Dataset excerpts
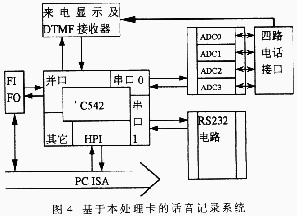 ??? 圖4是一個實用的處理卡。該卡可以同時記錄四路電話信息和撥入、撥出的電話號碼。FIFO是回放話音時的緩沖區(qū)。同時利用RS232電路把本機信息傳出或接受串行信號。
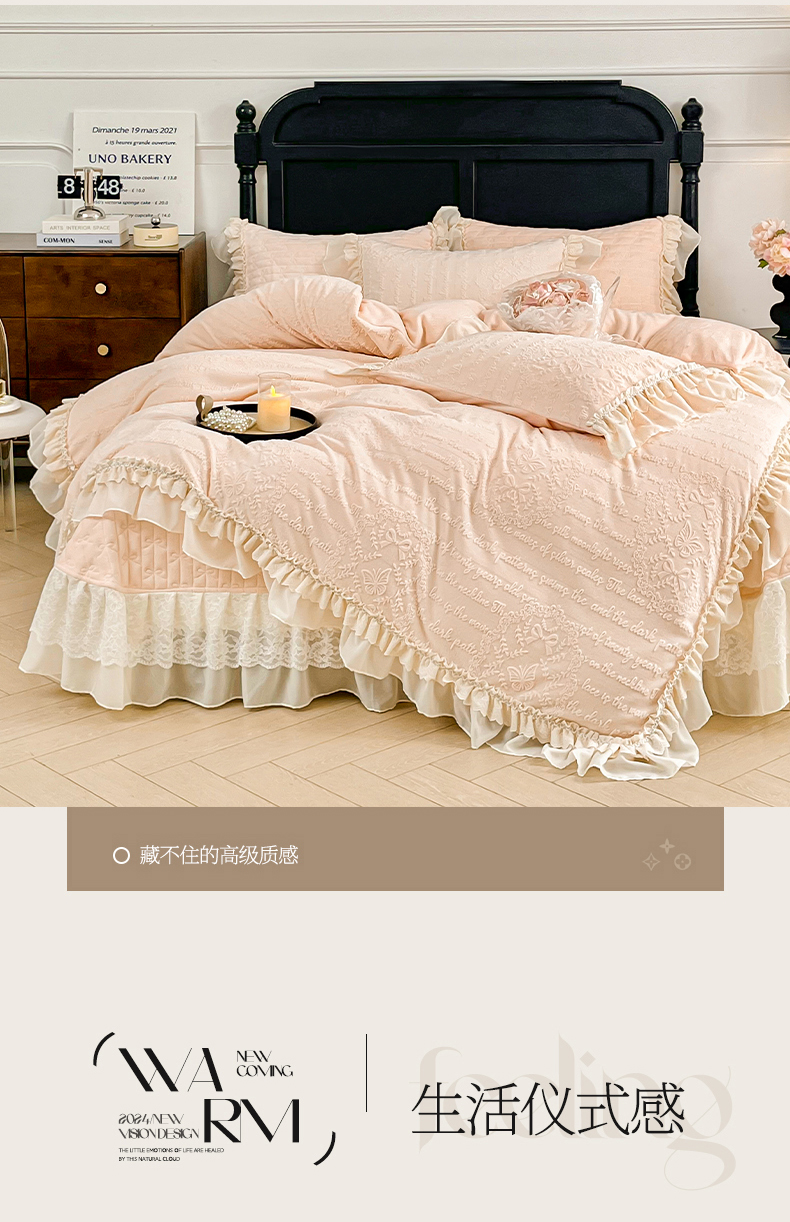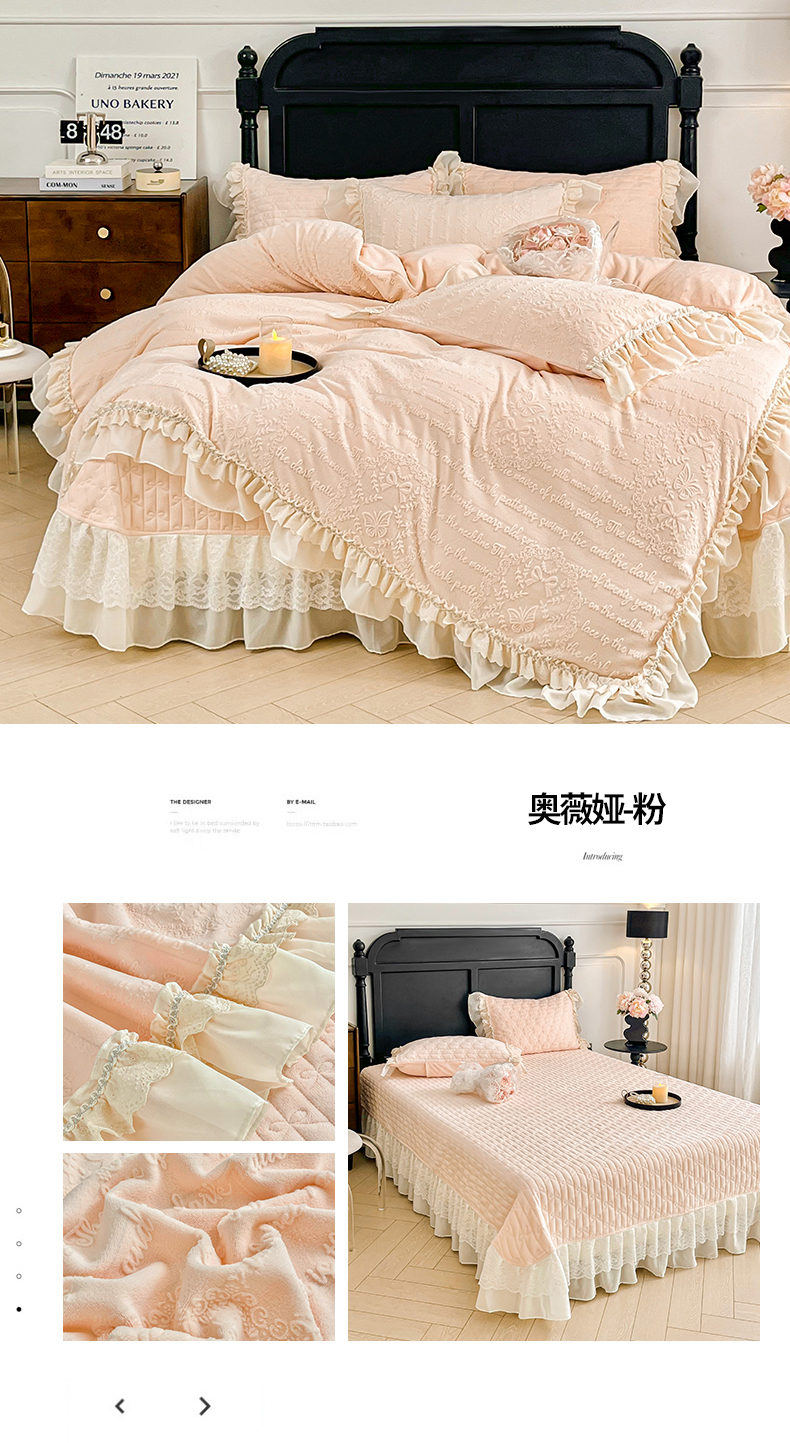 当前位置: 91家纺网 > 商品网购 > 床品套件 > 四件套 > 牛奶绒四件套 > 胜权家纺 2025秋冬新款A类全消光高克重5D雕花牛奶绒夹棉床盖四件套系列 奥威亚-粉
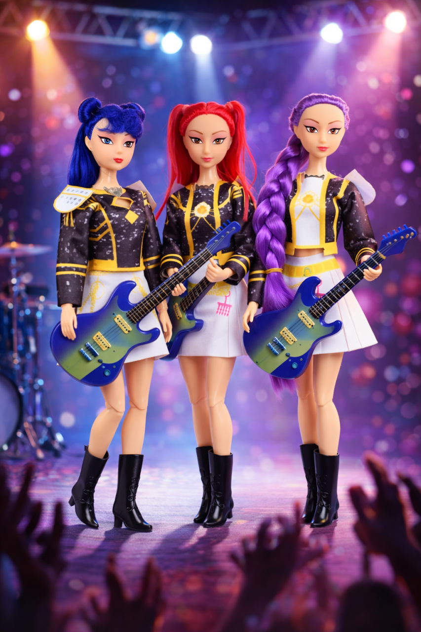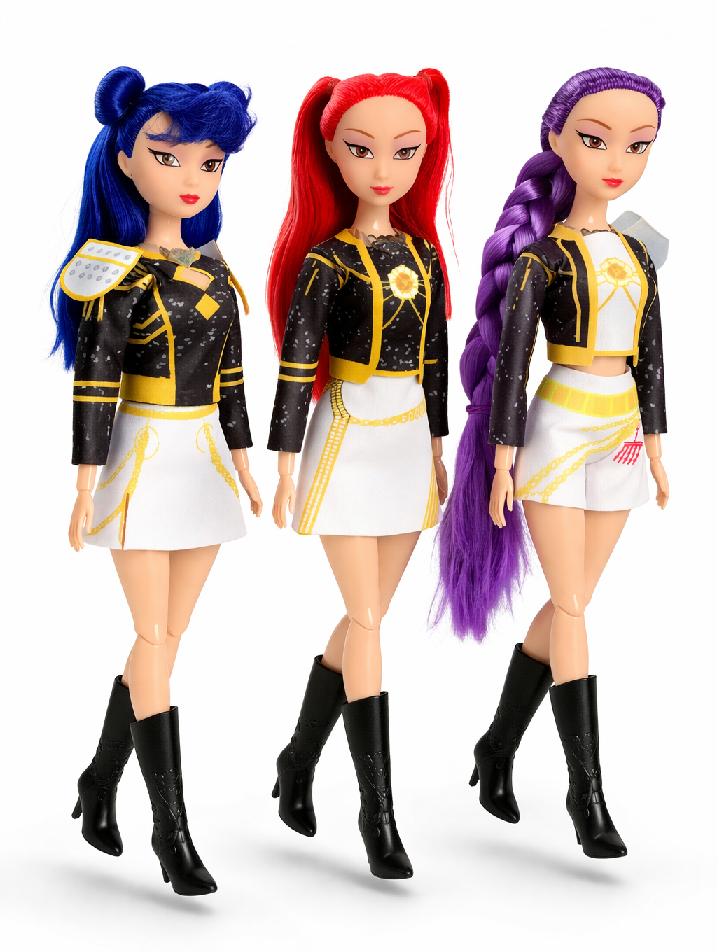 Set 3 Papusi Muzicale 32 cm Kpop Demon Hunters / K-pop Demon Hunters - Vanatorii de demoni  - alb cu auriu si negru
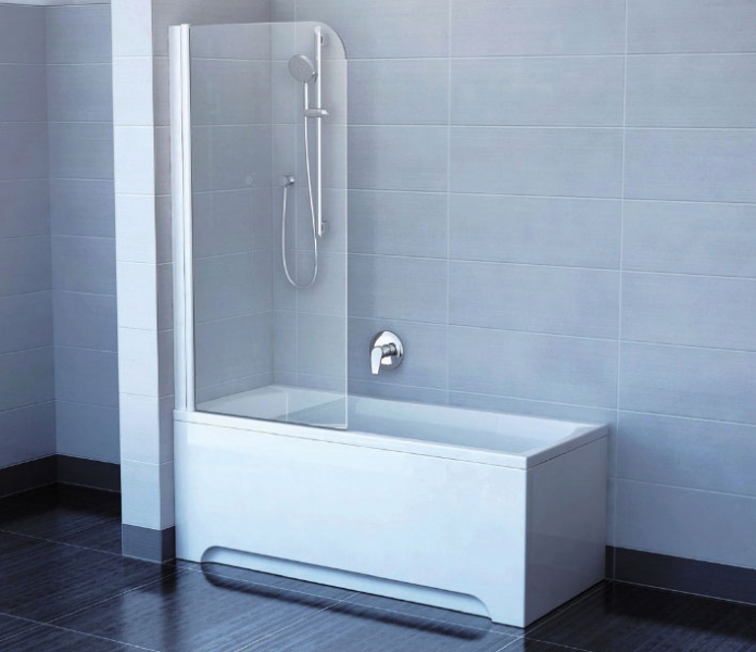 Эта универсальная ограждающая конструкция в равной степени подходит как для встроенных душевых кабин, так и для традиционных купелей.
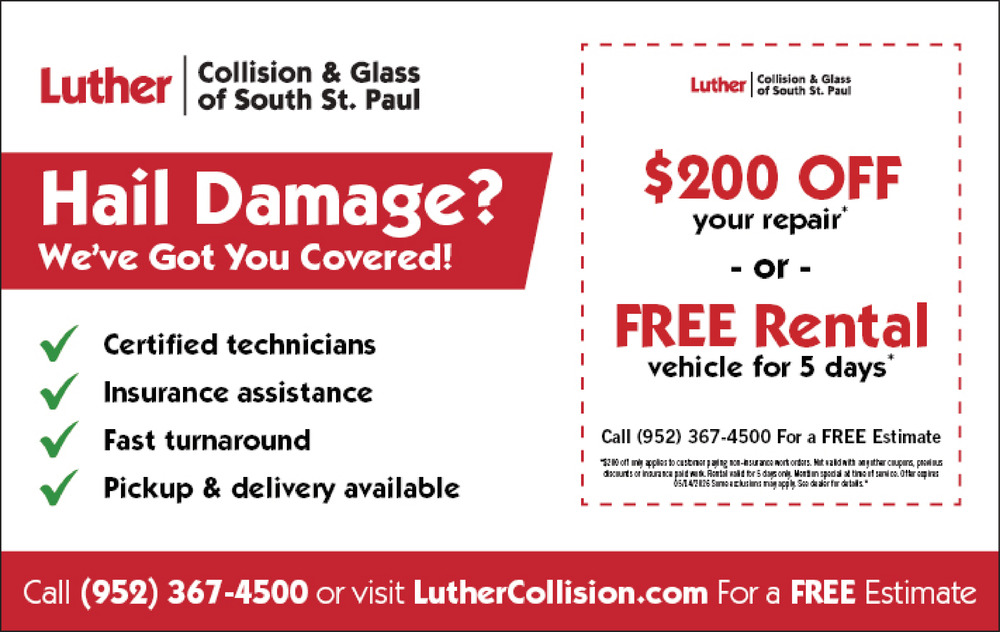 Ads for Luther Collision & Glass of South St. Paul in Southern Minn

Description of the task
Please set down only the lines from the first line of the records above through the line that has "当前位置: 91家纺网 >", exactly, and not the pictures.

Solved problem
 ??? 圖4是一個實用的處理卡。該卡可以同時記錄四路電話信息和撥入、撥出的電話號碼。FIFO是回放話音時的緩沖區(qū)。同時利用RS232電路把本機信息傳出或接受串行信號。
 当前位置: 91家纺网 > 商品网购 > 床品套件 > 四件套 > 牛奶绒四件套 > 胜权家纺 2025秋冬新款A类全消光高克重5D雕花牛奶绒夹棉床盖四件套系列 奥威亚-粉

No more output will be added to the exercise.